Referring to FIG. 1, a force FF is induced in the piston assembly by pressure generated in the cylinder bore 21, during the discharge stroke, acting on the piston area. This force is opposed by a force FC, perpendicular to the surface of cam plate 60 and a force FR, acting through the center of spherical surface 41, and transverse to the axis of the piston. The forces FR, acting on all pistons subjected to the discharge pressure, are transmitted in the form of cantilever loads to the cylinder barrel extension 36 and to the cylinder bores 38. These forces produce the driven or driving torque depending on whether the device is acting as a pump or as a motor. At the same time the forces FR produce a transverse moment acting on the cylinder barrel, tending to unseat it from its abutment with the valve plate 14. In known manner these moments can be eliminated from the cylinder barrel by arranging the point of support between cylinder barrel and drive shaft at the point of intersection of a plane connecting the centers of the spherical piston ends with the center line of the cylinder barrel. Cylinder barrel cylindrical extension 36, with its flat land 69, engages in a slidable manner the inner periphery of the enlarged portion 34 of the reaction sleeve 32. The sum of the forces FR, represented by a resultant forces FRR, see FIG. 1, is transmitted from the cylinder barrel to the inner surface of the reaction sleeve 32 and then to drive shaft 22. The center of contact pressure between cylinder barrel 37 and reaction sleeve 32 is shown at point 70. The splined connection between the cylinder barrel 37 and shaft 22 is located directly inside the reaction sleeve 34, the length of this splined engagement being equally spaced on each side of the center of contact pressure represented by point 70.

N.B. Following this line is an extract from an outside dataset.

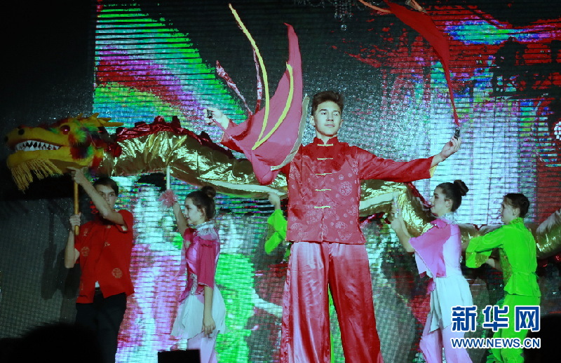烏克蘭學生表演舞龍。新華網發(陳俊鋒攝)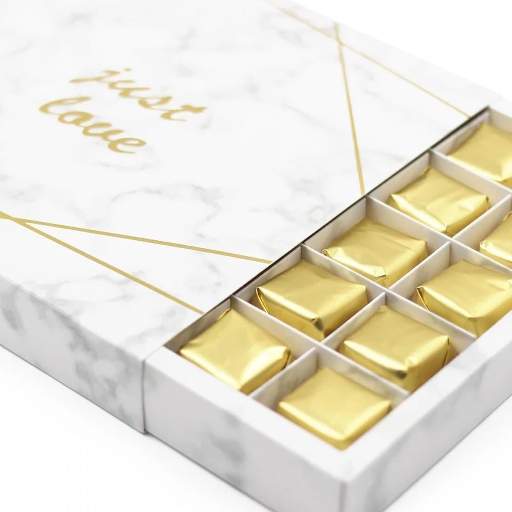 علب ورقية بتصميم رخامي مع فواصل داخلية – مثالية لتغليف الحلويات والمعمول

In a conventional type of solution the cylinder barrel is supported directly on the shaft in the region of the splines without any such reaction sleeve to assist. This type of cylinder barrel suspension suffers from very serious disadvantages. Large transverse loads, acting on the involute profile of the spline teeth, tend to produce a binding action, which very seriously affects the freedom of alignment of the cylinder barrel. At the same time these transverse loads produce an eccentric location of the female spline in relation to the male spline by the amount of clearance available in the drive. Since the load is supported on the full length of the spline teeth any adjustment in the position of the cylinder barrel, in relation to its longitudinal axis, will not only result in a binding action but it will induce an additional couple disturbing the equilibrium of the cylinder barrel. The present invention eliminates this binding action on the spline by removing from the splines the transverse loads acting on the cylinder barrel, as transmitted from the cantilever piston assemblies. The great circle engagement of the cylindrical extension 34 of the reaction sleeve 32 locates the cylinder barrel 37 in relation to the drive shaft 22 and absorbs the resultant force FRR. The reaction sleeve 32 ensures that the female spline is kept concentric with the male spline and this results in the spline teeth carrying torque loads only. This gives a much greater freedom of alignment of the cylinder barrel. The land 69 provided on the cylindrical extension 36 of the cylinder barrel 37 is made to engage the reaction sleeve 32 directly at the mid-length position of the spline. Only in this type of cylinder barrel suspension can the maximum of movement of cylinder barrel be obtained for any specified clearance in the spline teeth.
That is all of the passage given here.